FIG. 1 is a schematic diagram showing a configuration of a hybrid vehicle to which a hybrid vehicle control apparatus according to an embodiment of the present invention is applied. FIG. 2 is a flowchart showing a flow of engine operating point control processing according to an embodiment of the present invention. FIG. 3 is a diagram showing the relationship between the engine speed and the output torque in the engine operating point control process. FIG. 4 is a diagram illustrating an example of the relationship between the accelerator pedal depression amount and the engine speed increase expectation value. FIG. 5 is a flowchart showing a flow of engine operating point return processing according to an embodiment of the present invention. FIG. 6 is a diagram illustrating an example of the relationship between the vehicle speed and the sound pressure of powertrain noise during EV travel and ENG travel. FIG. 7 is a diagram showing the relationship between the vehicle speed and the sound power ratio of the power generation unit generated noise.

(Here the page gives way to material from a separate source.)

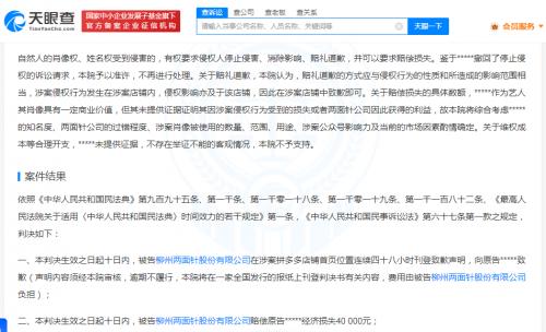 法院审理认为,两面针公司借毛晓彤个人网络热度吸引关注,并推广商品销售信息,构成对毛晓彤肖像权、姓名权的侵犯。而场景互娱公司出具的《授权及使用规范》明确,被授权方不得误导他人认为海报艺人与被授权方存在任何代言关系,因此两面针公司的抗辩理由不能成立。最终,法院判决柳州两面针股份有限公司在涉案网店刊登致歉声明,并赔偿毛晓彤经济损失4万元。

  Hereinafter, the configuration and operation of a control apparatus for a hybrid vehicle according to an embodiment of the present invention will be described with reference to the drawings.

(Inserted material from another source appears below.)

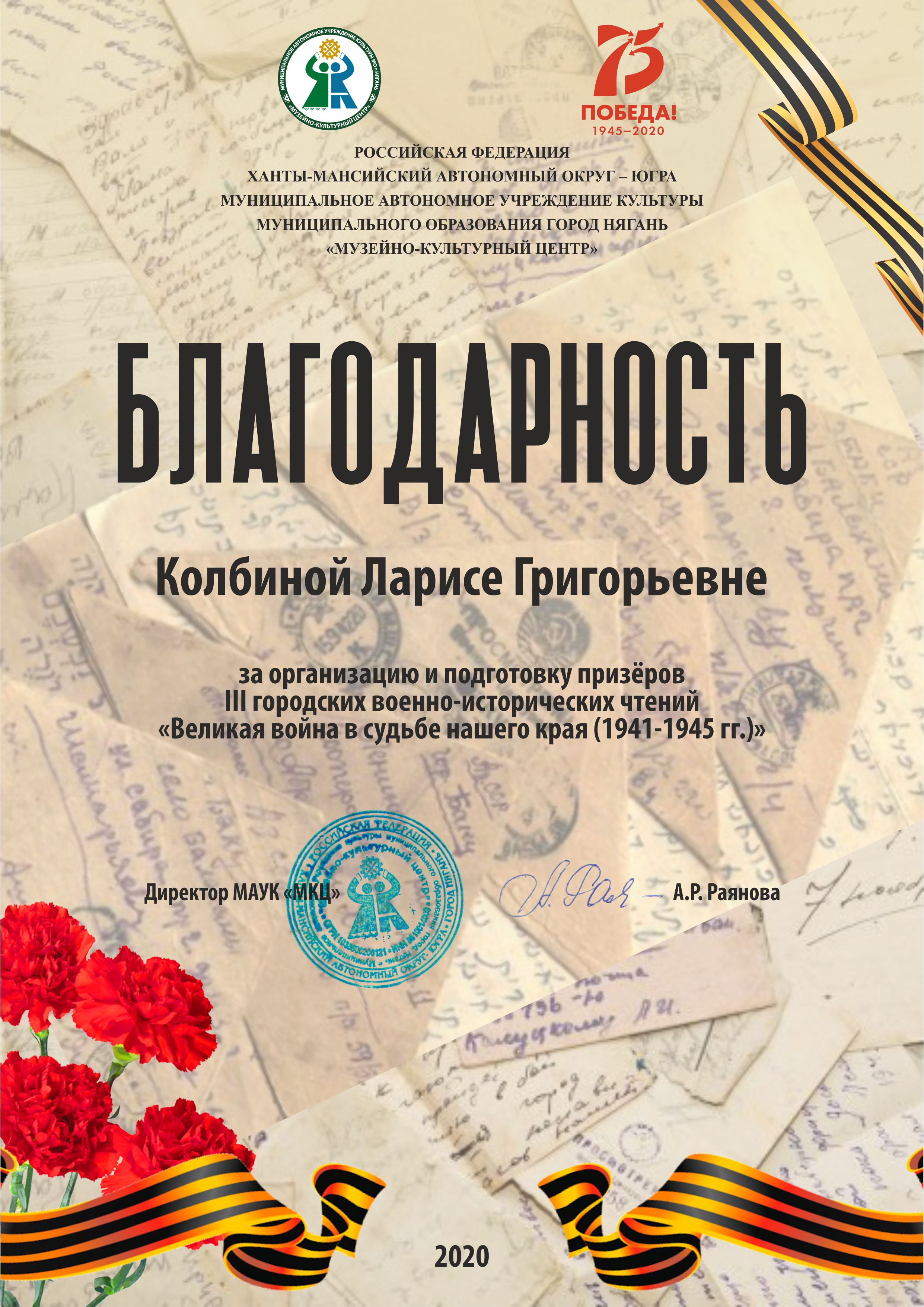 Благодарность за организацию и подготовку призеров III военно-исторических чтений

[Configuration of hybrid vehicle]
First, a configuration of a hybrid vehicle to which a hybrid vehicle control device according to an embodiment of the present invention is applied will be described with reference to FIG.

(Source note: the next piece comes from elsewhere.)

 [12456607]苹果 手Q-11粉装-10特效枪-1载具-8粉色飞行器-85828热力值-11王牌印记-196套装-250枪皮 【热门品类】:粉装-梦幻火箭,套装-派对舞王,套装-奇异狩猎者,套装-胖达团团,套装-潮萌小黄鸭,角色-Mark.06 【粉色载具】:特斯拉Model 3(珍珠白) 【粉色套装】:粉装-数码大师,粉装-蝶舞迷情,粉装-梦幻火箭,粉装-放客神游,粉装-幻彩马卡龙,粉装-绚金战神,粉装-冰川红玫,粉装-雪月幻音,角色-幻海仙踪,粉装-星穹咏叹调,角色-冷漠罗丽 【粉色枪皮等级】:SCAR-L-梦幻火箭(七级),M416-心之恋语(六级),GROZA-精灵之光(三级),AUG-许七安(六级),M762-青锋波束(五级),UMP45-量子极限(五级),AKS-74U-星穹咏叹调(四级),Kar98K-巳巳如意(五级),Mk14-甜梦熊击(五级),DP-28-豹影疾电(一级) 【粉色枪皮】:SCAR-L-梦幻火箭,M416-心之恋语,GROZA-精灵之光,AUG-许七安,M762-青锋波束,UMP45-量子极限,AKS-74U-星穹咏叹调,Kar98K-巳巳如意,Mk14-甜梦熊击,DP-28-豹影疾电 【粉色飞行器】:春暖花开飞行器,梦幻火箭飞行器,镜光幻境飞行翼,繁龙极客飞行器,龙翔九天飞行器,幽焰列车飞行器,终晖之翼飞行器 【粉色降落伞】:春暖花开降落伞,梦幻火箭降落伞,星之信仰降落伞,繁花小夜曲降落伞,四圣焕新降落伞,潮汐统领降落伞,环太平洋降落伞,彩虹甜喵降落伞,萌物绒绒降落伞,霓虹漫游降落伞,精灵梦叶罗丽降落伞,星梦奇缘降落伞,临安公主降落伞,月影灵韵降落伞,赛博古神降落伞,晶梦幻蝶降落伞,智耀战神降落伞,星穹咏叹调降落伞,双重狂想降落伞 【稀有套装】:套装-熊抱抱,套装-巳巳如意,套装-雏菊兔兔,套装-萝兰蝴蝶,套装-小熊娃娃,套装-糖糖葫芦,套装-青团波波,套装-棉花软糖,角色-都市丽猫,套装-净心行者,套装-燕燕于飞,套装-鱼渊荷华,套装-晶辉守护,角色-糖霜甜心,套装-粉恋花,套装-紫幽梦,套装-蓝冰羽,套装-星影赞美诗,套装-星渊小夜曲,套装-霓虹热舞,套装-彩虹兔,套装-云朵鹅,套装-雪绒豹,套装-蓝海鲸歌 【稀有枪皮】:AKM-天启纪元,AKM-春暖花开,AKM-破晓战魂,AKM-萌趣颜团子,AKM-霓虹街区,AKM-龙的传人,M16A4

  FIG. 1 is a schematic diagram showing a configuration of a hybrid vehicle to which a hybrid vehicle control apparatus according to an embodiment of the present invention is applied. As shown in FIG. 1, a hybrid vehicle 1 to which a hybrid vehicle control device according to an embodiment of the present invention is applied has a power generation motor (power generation motor) MG1 connected to an output shaft of an engine 2 and drive wheels. It is constituted by a so-called series hybrid vehicle in which a driving motor (drive motor) MG2 is connected to a drive shaft 4 connected to 3a and 3b. Specifically, the hybrid vehicle 1 includes an engine 2, a generator motor MG 1, a drive motor MG 2, inverters 5 a and 5 b, a battery 6, and a hybrid vehicle electronic control unit (hereinafter referred to as HVECU (Hybrid Vehicle Electronic Control Unit)) 7. It is provided as a main component.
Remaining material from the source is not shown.